The practice of shamanism was also commonplace.
In 1523, a Spanish captain named Gil Gonzalez de Avila reached the Gulf of Nicoya, and traveled from there to the Chorotega town of Nicoya. His initial engagement with indigenous peoples, such as the indigenous leader Nicarao, resulted in the baptism of the local people into Christianity at the behest of the Spanish. Subsequent expeditions ended far less peacefully. In one case Gonzalez and his expedition were surrounded by the indigenous chief Diriangen, and in another case, an attack by Chief Nicaragua resulted in the Spaniards' retreat to the Gulf of Nicoya.
In 1524, Francisco Hernandez de Cordoba completed the conquest of the region and founded the first Spanish permanent settlements in the region, including two of Nicaragua's principal towns:
Granada on Lake Nicaragua, and Leon east of Lake Managua.
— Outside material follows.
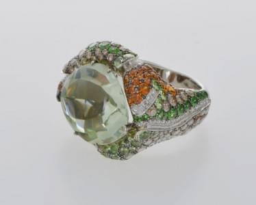 104. Adler, bague sertie d'un quartz vert, de tsavorites, de saphirs...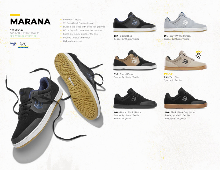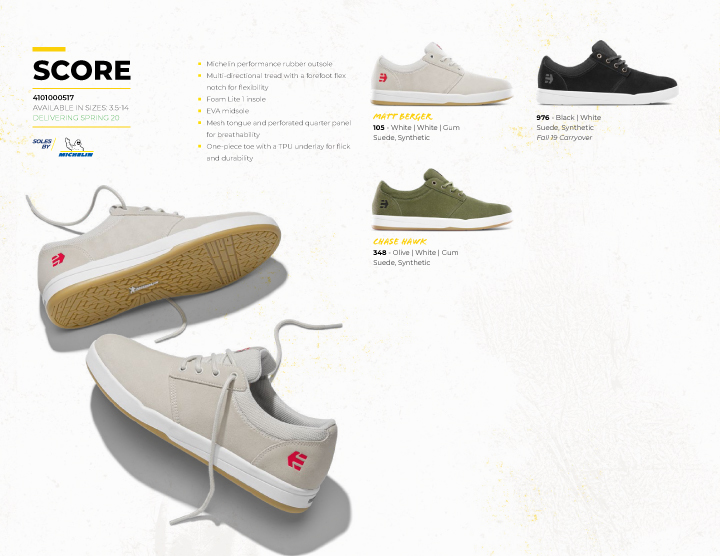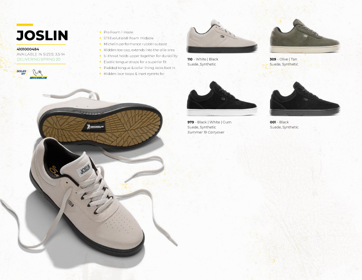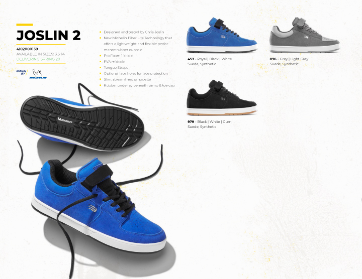 LOOKBOOK MICHELINの高品質ソール搭載 ──ETNIES - SP20 2020.03.05 クリス・ジョスリンの最新作、Joslin 2が堂々デビュー。 Michelinソールが際立つetniesの最新カタログ。 Sonik Distribution / www.sonik-dist.com

In 1542, laws were passed that essentially centralized Spanish authority and instituted a legal and judicial system aimed at controlling the distribution of land and the charging of taxes to the indigenous people.
In 1610, an earthquake destroyed the city of Leon. As a result, the city was relocated to its current site. Meanwhile, Granada was expanding due to its trade routes through Lake Cocibolca and the San Juan River. The city was, at the same time, the site of unwelcome attacks by pirates who also gained access to the city through the these waterways.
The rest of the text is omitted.